_WORK INSTRUCTION_
Omitting every picture, copy the lines from the one that contains "Překrásné náušnice pecky" through the last line of the records below, exactly and with nothing added.

_SOURCE MATERIAL_
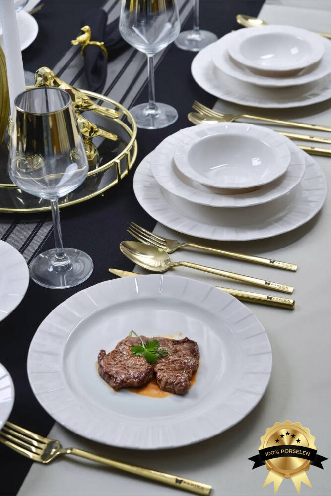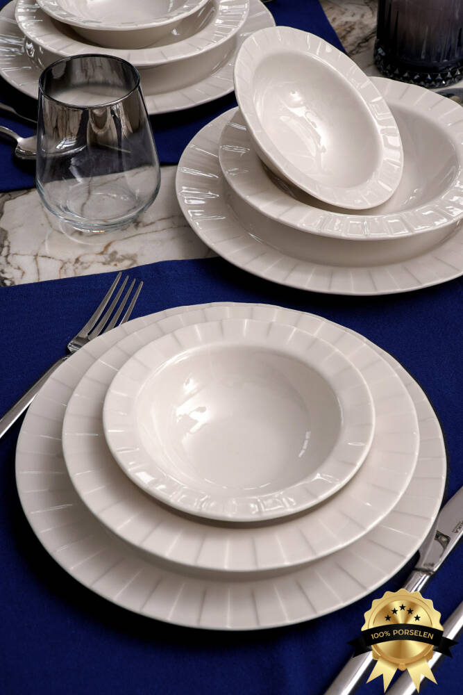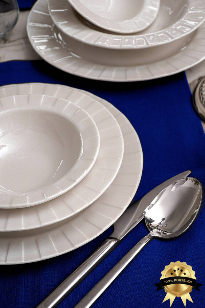 Sofranızda zarafetin ve şıklığın sembolü olacak Zümrüt 18 Parça 6 Kişilik Porselen Yemek Takımı, her detayında kalitesini hissettirir.; ; Modern ve sofistike tasarımı ile dikkat çeken bu set, özel davetlerden günlük kullanıma kadar her anınıza eşlik edecek.; ; 6 adet servis tabağı ; 6 adet yemek tabağı ; 6 adet kaseden oluşan bu takım, misafirlerinizi etkileyici sunumlarla ağırlamanız için mükemmel bir seçimdir.; ; Yüksek kaliteli porselen malzemesi ve özenli işçiliği ile uzun yıllar kullanım imkanı sunar.; Zümrüt yemek takımı ile sofralarınıza hem estetik bir dokunuş katın hem de sevdiklerinizle paylaştığınız anları unutulmaz kılın.; Porselen Rengi : Kırık Beyaz 6 Adet 25 cm Servis Tabağı 6 Adet 19 cm Çukur Tabak 6 Adet 14 cm Kase.; Siparişleriniz, strafor ve özel kutular kullanılarak özenle paketlenip gönderilmektedir.; ;
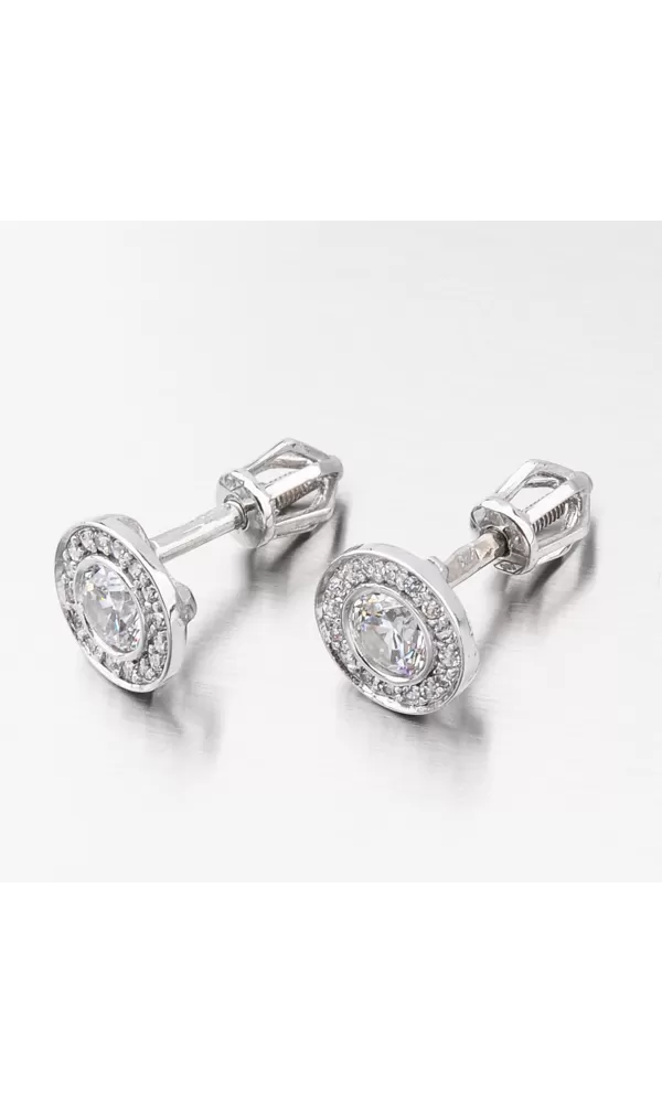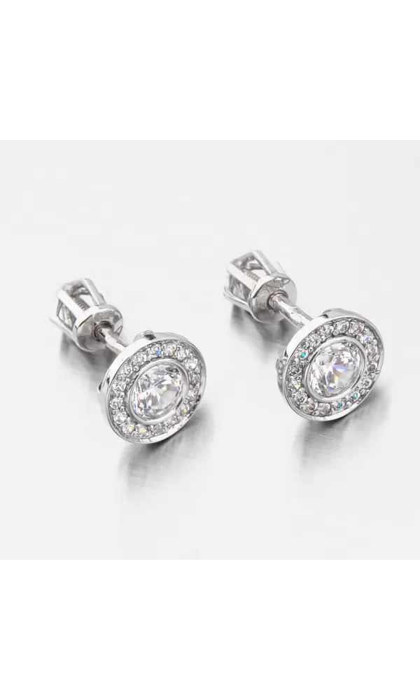 Překrásné náušnice pecky jsou v kulatém tvaru. Uprostřed kruhu je vsazen s maximální pečlivostí velký zirkon v briliantovém brusu a kolem něj jsou vsazeny menší neméně zářivé zirkony také v briliantovém brusu. Tento brus zirkonům dodává brilanci pravých diamantů. Pro maximální spolehlivost a bezpečí se náušnice zapínají na šroubek.
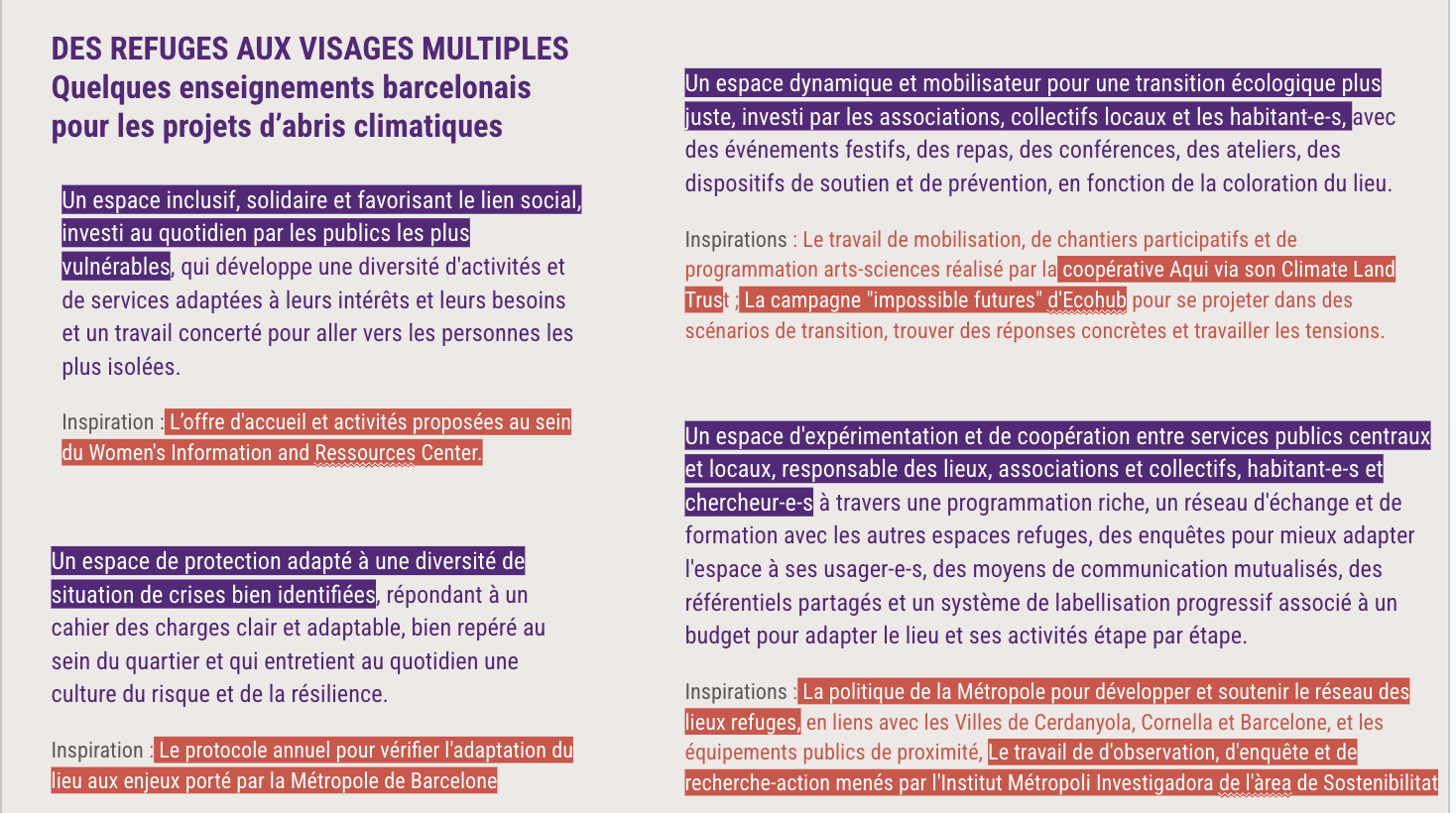 Ce parcours nous a permis de tirer quelques enseignements sur ce que pourraient être des refuges climatiques :
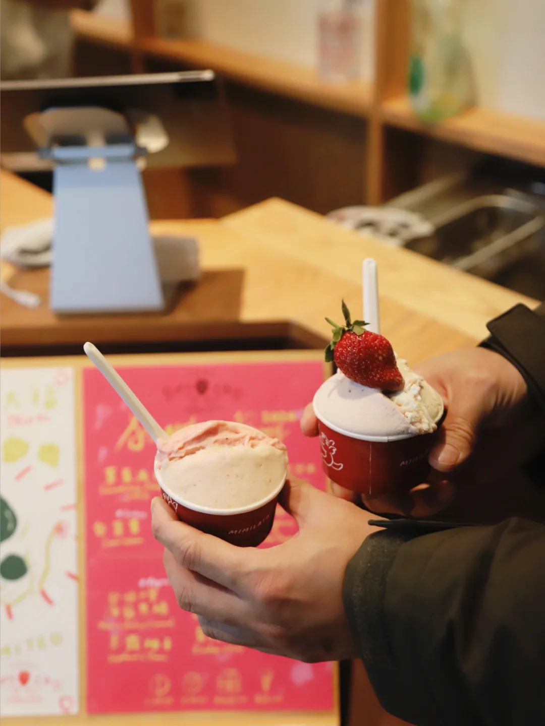 又到了吃草莓的季节啦🥰 分享两家好吃的草莓甜品🧁 - 1.栗cafe 草莓芭菲🍸和草莓布丁🍮 芭菲颜值非常高,拍照📸嘎嘎出片,虽然口味上层次略有欠缺,好在每一层都是好吃的。 草莓布丁很好吃,口感很好,蛋香浓郁不甜腻。和草莓特别搭。 - 2.mimilato 每年草莓季他们家的gelato都很惊艳🍦 真的是把草莓味做出花来。 去年特别喜欢草莓布里欧、草莓酸奶。 今年白草莓和草莓胡椒依然有惊喜,白草莓非常浓郁,胡椒又有特别的颗粒感。
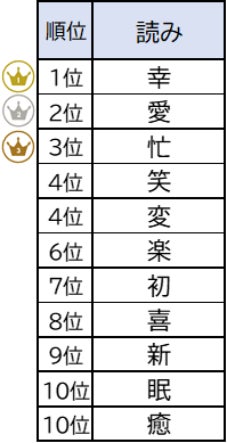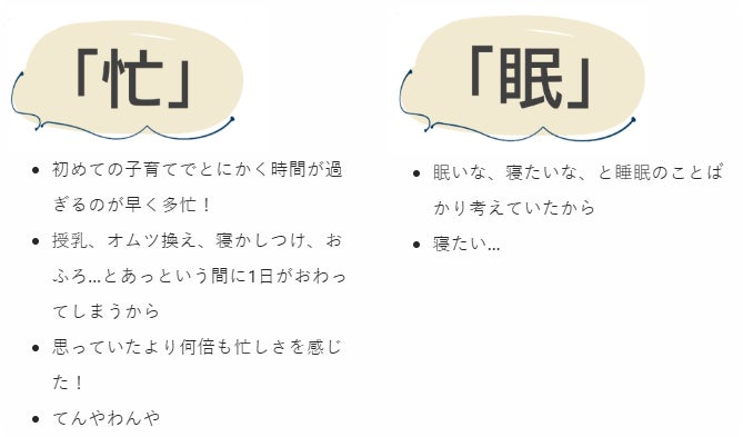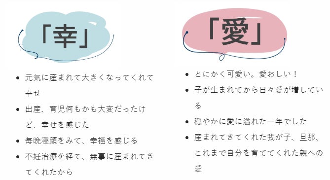 もっとも多く回答されたのが「幸」。子どもを授かったことや生まれてきた我が子を見て幸せを感じる方が多かったようです。2位は「愛」。とにかく可愛い、愛おしいというコメントが多く、家族の愛情を感じます。3位「忙」や10位は「眠」など、日々の目まぐるしさが表れているようです。予想以上にさまざまなことが起こったり、時間に追われたり、子育ての大変さを物語っていますね。同じく10位に「癒」もランクイン。子育ての中にある「癒し」や楽しさが少しでも増えるよう、アカチャンホンポも皆さまの暮らしをサポートしてまいります。
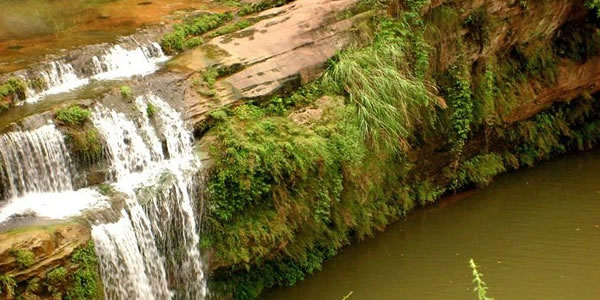 黃金峽:位于丹棱城西24千米張場(chǎng)鎮(zhèn),仁興鄉(xiāng)和王場(chǎng)鄉(xiāng)境內(nèi),峽長(zhǎng)7.5千米,兩岸壁立,對(duì)峙如門,其崖筆立陡削直插云天,形成雄偉壯觀的"一線天"。峽內(nèi)主要景點(diǎn)有:龍?zhí)讹w瀑、金峽湖、雙猩向龍?zhí)丁⑽Q滤、一線天、虹渡、望魚石、金船等。當(dāng)?shù)厝搜裕?quot;金峽有三奇,曉雨不濕衣,九月瑞雪飛,夜半聞琴聲","神隆博濟(jì)廟,喊聲一出雨就到"。"黃金天子一夜鑿?fù)S金堰"等傳說(shuō)故事更是神奇美妙。

_ANSWER SECTION_
 Překrásné náušnice pecky jsou v kulatém tvaru. Uprostřed kruhu je vsazen s maximální pečlivostí velký zirkon v briliantovém brusu a kolem něj jsou vsazeny menší neméně zářivé zirkony také v briliantovém brusu. Tento brus zirkonům dodává brilanci pravých diamantů. Pro maximální spolehlivost a bezpečí se náušnice zapínají na šroubek.
 Ce parcours nous a permis de tirer quelques enseignements sur ce que pourraient être des refuges climatiques :
 又到了吃草莓的季节啦🥰 分享两家好吃的草莓甜品🧁 - 1.栗cafe 草莓芭菲🍸和草莓布丁🍮 芭菲颜值非常高,拍照📸嘎嘎出片,虽然口味上层次略有欠缺,好在每一层都是好吃的。 草莓布丁很好吃,口感很好,蛋香浓郁不甜腻。和草莓特别搭。 - 2.mimilato 每年草莓季他们家的gelato都很惊艳🍦 真的是把草莓味做出花来。 去年特别喜欢草莓布里欧、草莓酸奶。 今年白草莓和草莓胡椒依然有惊喜,白草莓非常浓郁,胡椒又有特别的颗粒感。
 もっとも多く回答されたのが「幸」。子どもを授かったことや生まれてきた我が子を見て幸せを感じる方が多かったようです。2位は「愛」。とにかく可愛い、愛おしいというコメントが多く、家族の愛情を感じます。3位「忙」や10位は「眠」など、日々の目まぐるしさが表れているようです。予想以上にさまざまなことが起こったり、時間に追われたり、子育ての大変さを物語っていますね。同じく10位に「癒」もランクイン。子育ての中にある「癒し」や楽しさが少しでも増えるよう、アカチャンホンポも皆さまの暮らしをサポートしてまいります。
 黃金峽:位于丹棱城西24千米張場(chǎng)鎮(zhèn),仁興鄉(xiāng)和王場(chǎng)鄉(xiāng)境內(nèi),峽長(zhǎng)7.5千米,兩岸壁立,對(duì)峙如門,其崖筆立陡削直插云天,形成雄偉壯觀的"一線天"。峽內(nèi)主要景點(diǎn)有:龍?zhí)讹w瀑、金峽湖、雙猩向龍?zhí)丁⑽Q滤、一線天、虹渡、望魚石、金船等。當(dāng)?shù)厝搜裕?quot;金峽有三奇,曉雨不濕衣,九月瑞雪飛,夜半聞琴聲","神隆博濟(jì)廟,喊聲一出雨就到"。"黃金天子一夜鑿?fù)S金堰"等傳說(shuō)故事更是神奇美妙。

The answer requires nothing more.